Yesterday, we moved from a stack of x440-48t switches to a stack of X440G2-48t-10G4 switches and a large number of systems are unable to connect to the network. They are a mix of IPs set statically via DHCP reservations and others that just use whatever address they pull. They cannot be woken up via a WoL broadcast. The systems that don't wake up can be manually powered on and then need to have the IP address set in Windows to what it is statically set to in DHCP, rebooted, then set to use DHCP again and they can then connect to the network.
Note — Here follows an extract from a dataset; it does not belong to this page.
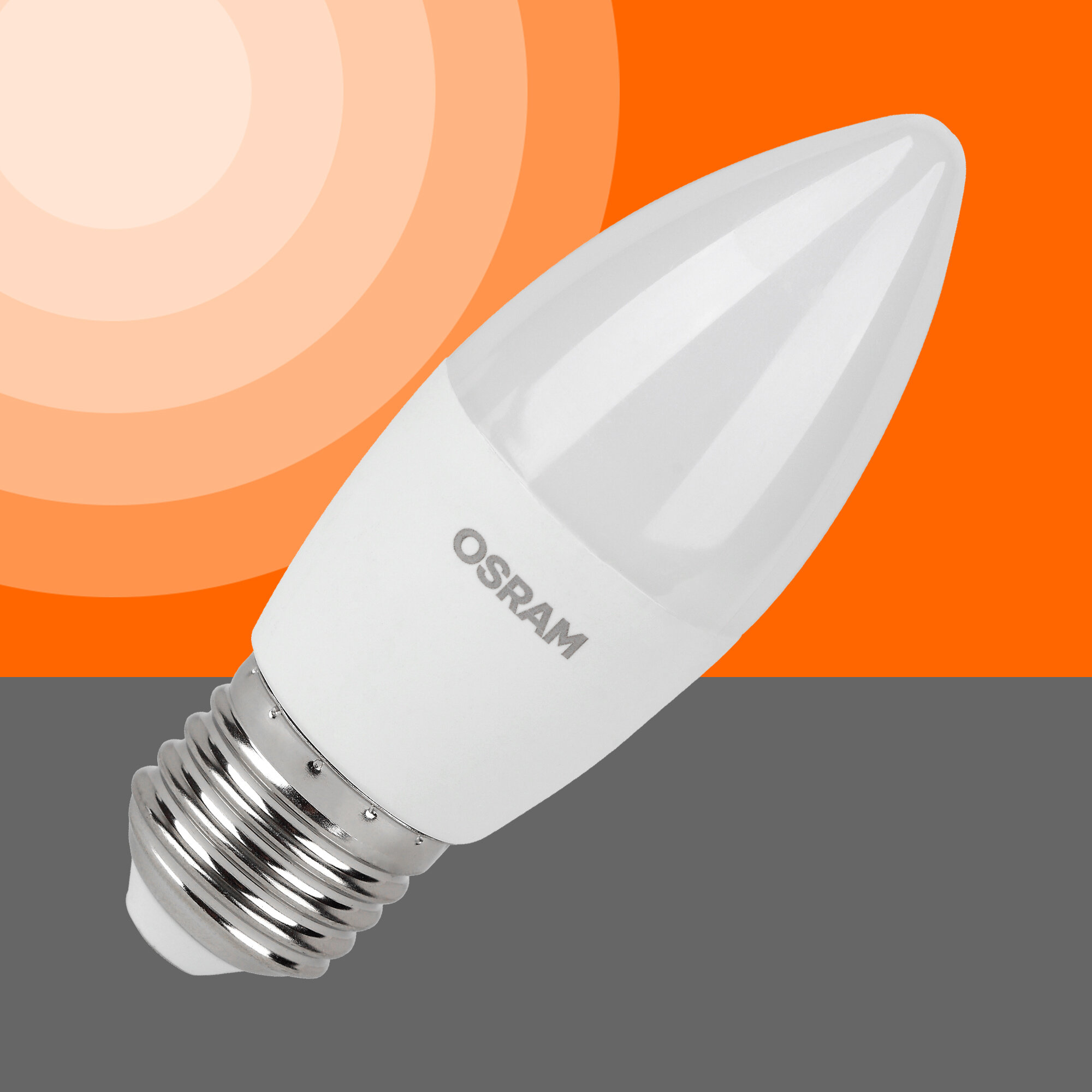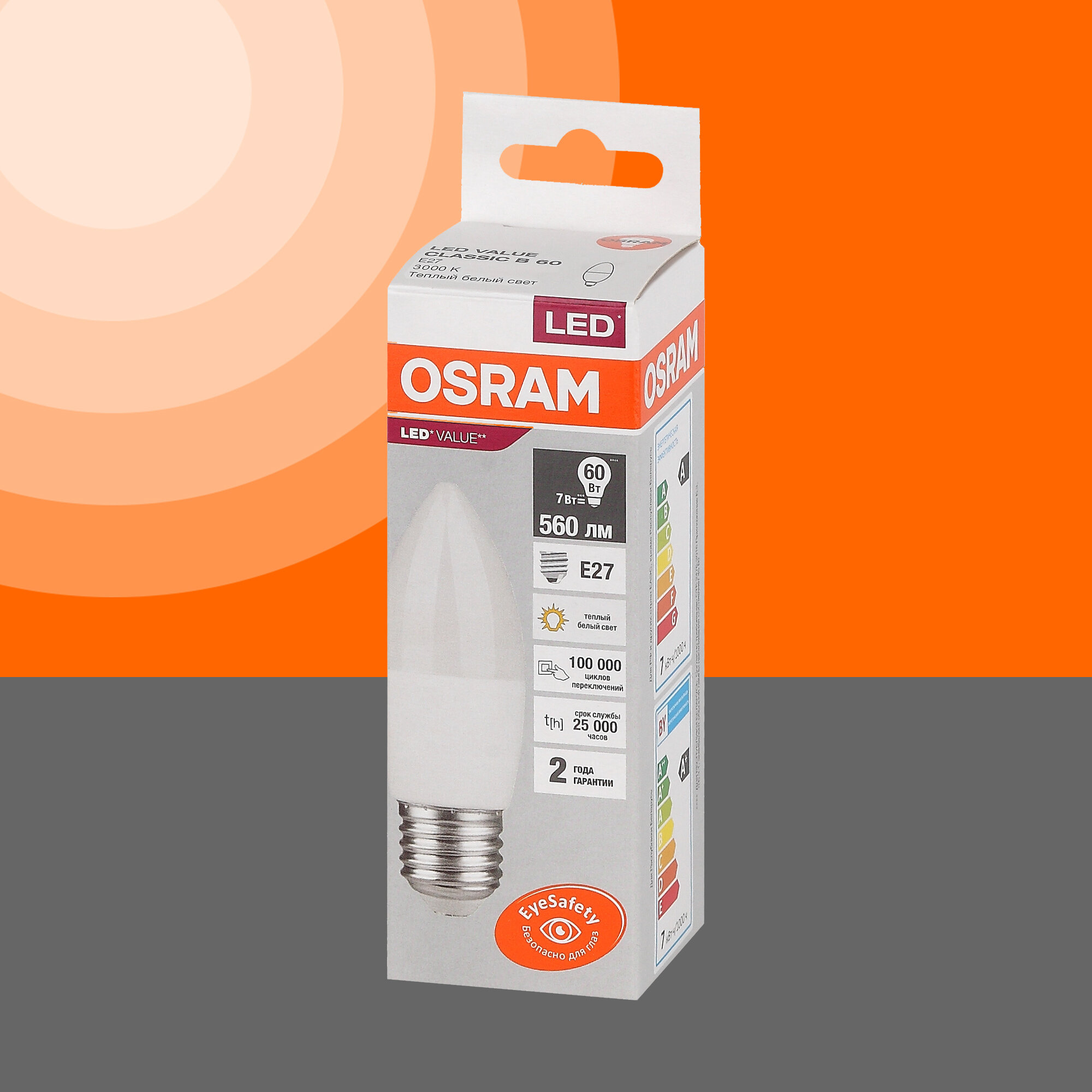 Лампочка светодиодная OSRAM LED Value B, 560лм, 7Вт (замена 60Вт), 3000К (теплый белый свет), Цоколь E27, Свеча, 1 шт

The switches are running 184.108.40.206 patch1-2. All systems with issues are running Windows 10 and are on a mix of hardware.
We also replaced the core switch that this stack is connected to with a X460G2-24t-10G4 220.127.116.11 patch1-2. A number of months ago, we had attempted to replace just the core switch and we saw this same behavior with systems not being able to connect, so we went back to the old hardware and hoped that replacing the core and the desktop switch would avoid the issue but it did not.
Has anyone heard of this? Is there some setting that we are missing? We do have a policy in place to send traffic on port 4000 (used to WoL) to the correct VLAN which is working, since most systems wake.
Just unplugging a cable vs "disable load sharing x" on each switch (wasn't sure if the ports were then removed from VLANs and needed to be re-added.
I ended up just unplugging one of the cables and the problem still persists, so it isn't an issue with that. There is no difference in the packet captures between the attempts that work with the mini switch in place and the capture from the attempts that fail.
Thinking about the load sharing group...if I just unplug one of the two cables, that will then just limit the traffic to that one port without the need to down the interface while doing the reconfiguring of the group, correct?
I'm not sure what that "mini" switch is doing but it's doing something ?... I understand that you have disabled everything policy/netlogin/etc and are still seeing the same issue. This makes me think it's a bootp relay issue. From your packet captures it looks like the DHCP offers are not being received by the client. Is this true?. In the captures did you see anything different in the discover/offer in the working vs non-working one?
The first thing i would do it make sure the switch is receiving the DHCP offer (It probably is). Then capture and document which port of the lag it is received on when using the "mini" switch and not (could be different ports). Make sure the packets look good. (ingress port mirror would work)
You can also check the "show bootprelay" command to see if the switch CPU is getting the offers. This is not so easy because it's a global counter, but if you can quiet the switch down to just that PC it would give you good data.
Get these things for now and let us know what you find. You can also reboot the netTools process and it might help.